Pfizer Points: If you were a fan of our somewhat effective COVID-19 vaccine, you’re going to love Pfizer Points. Save big money with Big Pharma where for every COVID-19 vaccine you get, you’ll receive five Pfizer Points. And there’s no limit to how many times you can get jabbed, so pull your sleeves up and cash in. As well as purchasing our other Pfizer products like ChapStick and Advil to earn you points, those who reach 10,000 points can redeem for a magic, non-FDA approved pill that will make you live forever.
Lockheed Martin Rewards: Unarmed civilians, now’s your chance to get your hands on something deadly an uneducated 18-year-old already has with Lockheed Martin Rewards. Bullets and points are flying with this program; when you purchase nine $50 million drones, you’ll get the tenth drone free. Fight for your freedom and deals with our unbeatable reward system.
Tinder Rewards: Our dating app that’s designed to never be deleted is now offering rewards to people who are trying to fill a void! The more bad matches you get, the better! For every dick pic, you get ten points. Match with your second cousin? Twenty. Get murdered by your match? Fifty.
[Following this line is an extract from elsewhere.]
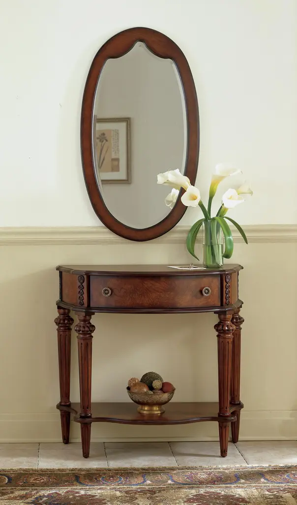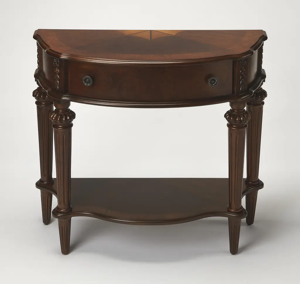 Selected solid Woods and choice veneers. Walnut, cherry and maple veneer inlay design on top and lower shelf with ash burl veneer border. Drawer with antique brass plated hardware. Durably Constructed With: Rubberwood Solids, MDF, Resin, Cherry, Maple, Walnut and Olive Ash Burl Veneers Product Construction Features: Solid wood legs and frame with a veneer top over an engineered wood substrate, resin components on legs and apron. Product Assembled Measurement & Weight: 32.75" H x 34.0" W x 15.0" D -- 35.0 lbs. lbs. Suggested weight capacity Item Arrives: Needs Assembly Wood, like all natural materials, has inherent disparities in color and grain pattern. Variations in shade and markings are normal and can be expected with the natural materials used in the construction of this product. Photo may slightly differ from actual item in terms of color/finish due to the lighting during photo shoot or the monitor's display.

If you redeem enough points, we’ll let you delete the app and end your suffering.
Smith Funeral Homes Points: At our national funeral home chain, our new rewards system is going to have people dying to be a part of it. Everyone knows the hardest part of losing someone you love is not that they’re dead, it’s where you’re going to have their funeral. We’re encouraging people to bring their corpses for points! For every funeral you have with Smith, you’ll get 25 points. The more funerals you have, the more fun! When you reach Gold Status, we’ll kill you and throw a funeral for free in your honor!
Marlboro Rewards: The fun doesn’t stop when you lose your first tooth due to tobacco-related tooth decay! For every lung transplant you get, we’re offering you 5,000 points, which can be cashed in to buy five packs of cigarettes! Want more daily rewards? We got you. For every hacking cough you let loose, add ten points to your total. That’s 1.5x as many as our competitor, the Camel Rewards program! And don’t forget about our Sharing is Caring referral program! Every time you let someone bum a Marlboro off you, you’ll get 1,000 points! Double that if it’s a person’s first cigarette ever. Triple it if they’re a child!
Calculator App Rewards: 5 x 10 x 7 = BIG REWARDS FOR YOU! Whether you’re calculating the tip you should leave at a restaurant, or splitting utilities with your roommates, we want to GIVE BACK in a BIG WAY. For every equation you type into the calculator app, we’ll give you the answer! You don’t have to be a big nerd to enjoy big rewards! And the best part is, at the end of each month, we’ll email you a list of all the calculations you made in an attached Excel document! We’re a little broke over here at Calculator App Rewards, but join today and get the power of knowledge! Please!
Walgreens Laxative Tablets Rewards: You probably don’t even recognize our brand, but we’re the over-the-counter laxatives you got in a serious stitch that one time you ate too much cheese. And no, our rewards are not a part of the overall Walgreens Rewards program, it’s just the Walgreens-branded laxatives specifically. Anywho, we thought, hey, maybe you’d like to try us out again? For every package of us you buy, we’ll promise you you’ll shit it all out! And… and, for every time you defecate to the point you’re in pain (which is what we promise), we’ll offer you five Poop Points! For every 100 Poop Points you collect, you’ll receive another package of us and an IBS diagnosis!